Neuberger, known to her relatives and friends as Chani, grew up in New York’s ultra-Orthodox Boro Park enclave and went to Bais Yaakov of Boro Park, a seminary for religious girls, before continuing her education at Touro College. She has been with the NSA for almost a decade and previously worked in the private sector. The mother of two children is married to lawyer Yehuda Neuberger, who serves as AIPAC’s chair of the organization’s Baltimore executive council.
In reporting on Neuberger’s promotion, Yeshiva World News introduced the item with the words Kiddush Hashem, the sanctification of God’s name. Would a religious publication in Israel do the same?
Over the years, Neuberger has said that her life would have been very different without the success in July 1976 of Israel’s Operation Entebbe. Her parents were on the Air France plane that was hijacked by terrorists and diverted to Entebbe in Uganda. They were returning from their first trip to Israel when they were taken hostage. The terrorists had separated Jews from non-Jews and threatened to start killing Jews if their demands were not met. Happily, her parents, who came as refugees to America after the Hungarian Revolution, survived that ordeal, but it gave Neuberger a perspective of organized terror that remains with her to this day, along with the knowledge that seven of her eight great-grandparents were murdered in Auschwitz.
Her belief in America’s freedoms, and her desire to repay the country which took in her parents and grandparents, enabling them to build new lives for themselves, was the driving force in her decision to move from the private to the public sector.
One of her professors at Columbia University where she had studied for her MBA after completing her studies in computer science at Touro, advised her to apply for a White House Fellowship. She waited two years until her children were in nursery school. She had been working in her family business. She thought that because of her background, if she was accepted for a fellowship, she would be sent to the Treasury Department. To her surprise, she was sent to the Department of Defense at the Pentagon, where she very quickly distinguished herself and rose through the ranks.

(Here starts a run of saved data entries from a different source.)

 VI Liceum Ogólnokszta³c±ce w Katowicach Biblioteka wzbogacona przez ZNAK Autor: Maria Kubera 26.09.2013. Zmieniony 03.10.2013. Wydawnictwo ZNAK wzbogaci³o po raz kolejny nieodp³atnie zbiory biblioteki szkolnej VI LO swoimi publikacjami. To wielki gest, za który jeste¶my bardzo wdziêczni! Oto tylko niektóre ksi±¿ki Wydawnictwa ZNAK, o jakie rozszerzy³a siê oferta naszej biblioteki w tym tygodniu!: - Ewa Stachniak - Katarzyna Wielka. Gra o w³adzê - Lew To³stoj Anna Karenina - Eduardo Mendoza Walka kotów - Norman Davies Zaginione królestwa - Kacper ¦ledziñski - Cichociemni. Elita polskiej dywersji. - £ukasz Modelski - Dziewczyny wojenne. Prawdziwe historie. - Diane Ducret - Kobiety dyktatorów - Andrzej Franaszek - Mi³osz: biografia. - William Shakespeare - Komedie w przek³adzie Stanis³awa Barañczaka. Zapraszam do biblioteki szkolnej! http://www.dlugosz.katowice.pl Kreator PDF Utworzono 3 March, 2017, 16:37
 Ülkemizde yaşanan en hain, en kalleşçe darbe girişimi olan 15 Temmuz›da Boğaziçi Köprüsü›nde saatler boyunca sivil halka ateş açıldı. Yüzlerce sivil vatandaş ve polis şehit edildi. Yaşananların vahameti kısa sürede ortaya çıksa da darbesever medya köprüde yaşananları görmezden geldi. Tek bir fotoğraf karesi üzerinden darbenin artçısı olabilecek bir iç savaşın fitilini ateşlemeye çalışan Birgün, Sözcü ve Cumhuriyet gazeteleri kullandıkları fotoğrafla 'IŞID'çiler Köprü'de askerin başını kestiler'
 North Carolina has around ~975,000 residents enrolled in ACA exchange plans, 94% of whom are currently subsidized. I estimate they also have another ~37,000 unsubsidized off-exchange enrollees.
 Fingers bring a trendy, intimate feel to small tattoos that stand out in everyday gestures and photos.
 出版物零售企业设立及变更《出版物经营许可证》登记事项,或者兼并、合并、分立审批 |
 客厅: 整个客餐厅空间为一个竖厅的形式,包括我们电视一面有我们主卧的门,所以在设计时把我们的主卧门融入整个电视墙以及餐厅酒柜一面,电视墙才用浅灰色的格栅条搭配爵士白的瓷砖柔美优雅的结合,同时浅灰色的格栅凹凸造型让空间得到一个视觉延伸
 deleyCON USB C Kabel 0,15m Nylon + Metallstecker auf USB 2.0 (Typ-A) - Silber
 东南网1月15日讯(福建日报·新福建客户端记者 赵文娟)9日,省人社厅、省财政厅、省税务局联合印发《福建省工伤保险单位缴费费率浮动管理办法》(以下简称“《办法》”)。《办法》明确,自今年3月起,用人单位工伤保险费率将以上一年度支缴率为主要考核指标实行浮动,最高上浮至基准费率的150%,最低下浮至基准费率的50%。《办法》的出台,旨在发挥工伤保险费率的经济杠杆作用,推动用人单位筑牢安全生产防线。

Not long after she started working there, a cybercommand was established, and she was chosen as part of the pioneering team. Her position on this team evolved into becoming the assistant to the director of the National Security Agency, until this week when she received her promotion, which will take effect on October 1. She has not sacrificed any of her religious values and has won the respect of her non-Jewish and secular Jewish colleagues for sticking to her principles.

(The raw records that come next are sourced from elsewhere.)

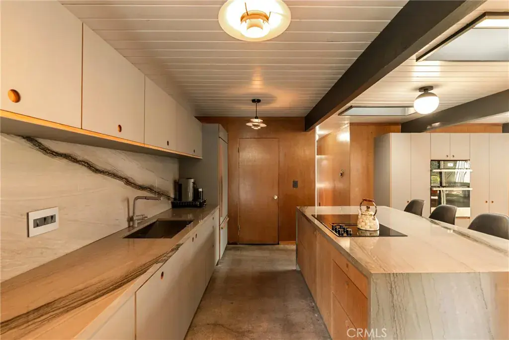 Welcome to 17136 Nanette Street, a beautifully reimagined Eichler residence nestled in the heart of iconic Granada Hills. This rare mid-century gem seamlessly blends classic architectural integrity with modern upgrades, offering five bedrooms and three bathrooms designed for both effortless living and inspired entertaining. True to Eichler design, the home is filled with natural light and an inviting sense of indoor-outdoor flow. Clean lines, open living spaces, and thoughtful updates create a harmonious balance of form and function. The private backyard is a true sanctuary—featuring a sparkling pool framed by lush, mature trees that provide privacy, shade, and a serene, resort-like atmosphere. Whether hosting gatherings or enjoying quiet moments at home, the expansive outdoor space invites year-round enjoyment. Set in one of Granada Hills’ most desirable neighborhoods, this property offers the perfect blend of architectural significance, comfort, and Southern California lifestyle living. A rare opportunity to own a remodeled Eichler in a premier location—this is Granada Hills living at its finest.
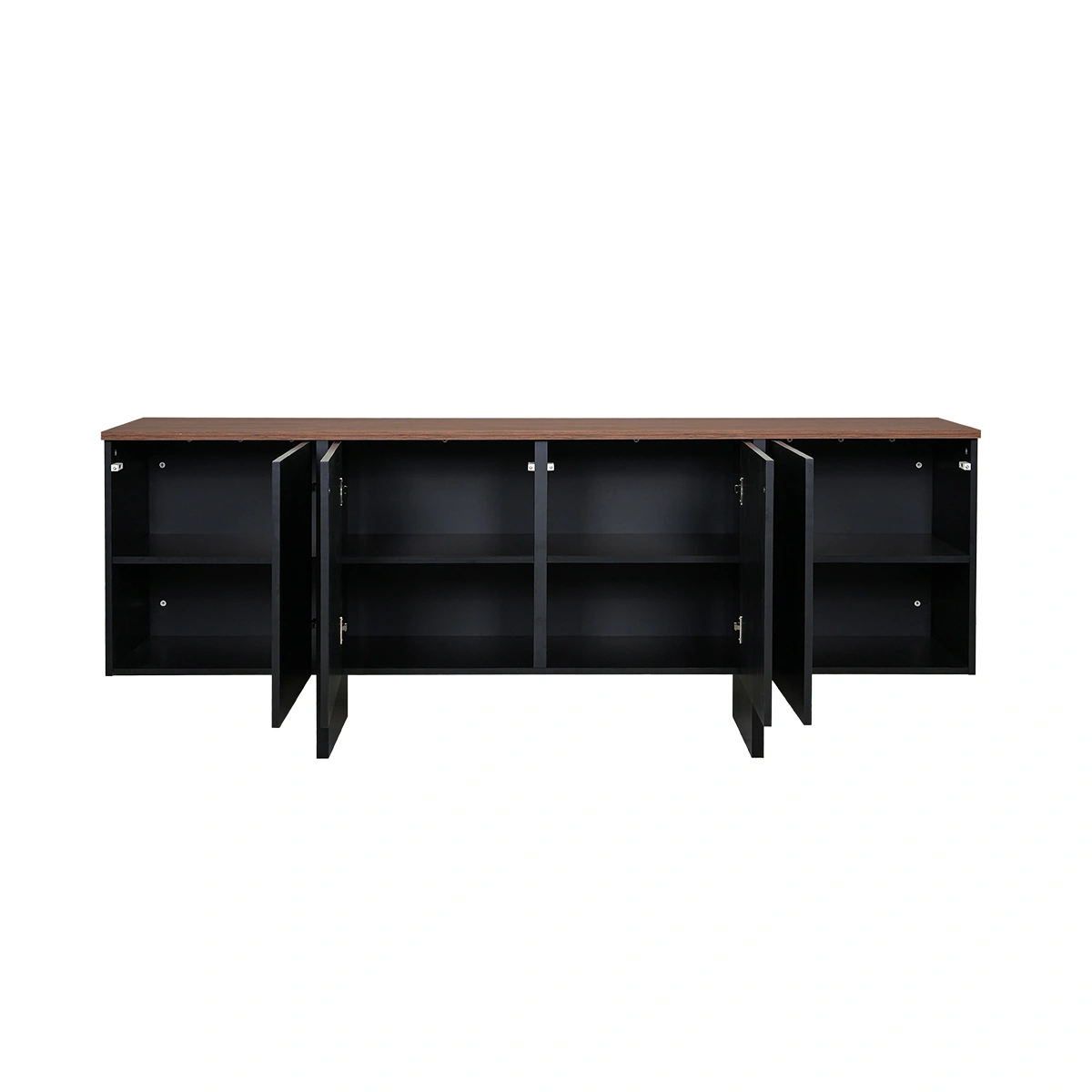 Boasting a size of L 200cm W 42cm H 76cm, the sideboard offers ample space for your essentials. It features a lacquered MDF and melamine construction with a stunning walnut finish, ensuring durability and long-lasting beauty. The clean lines and warm wood tones enhance its visual appeal.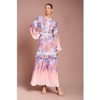 Placement Print Lace Frill Detail Maxi Dress | Coast Women's Placement Print Lace Frill Detail Maxi Dress in Pink | Size: 12

■ MUCH HAS been made of Evangelical support for Israel. But Christian Zionists have existed since long before the establishment of the state. This is explained by Rabbi Meir Soloveichik in his book Proclaim Liberty Throughout the Land, a biblical history of gentile Zionism. The Israeli launch will be on Monday, August 12, at Beit Avi Chai in Jerusalem. There will be introductory remarks by Rabbi Dr. Stu Halpern of Yeshiva University.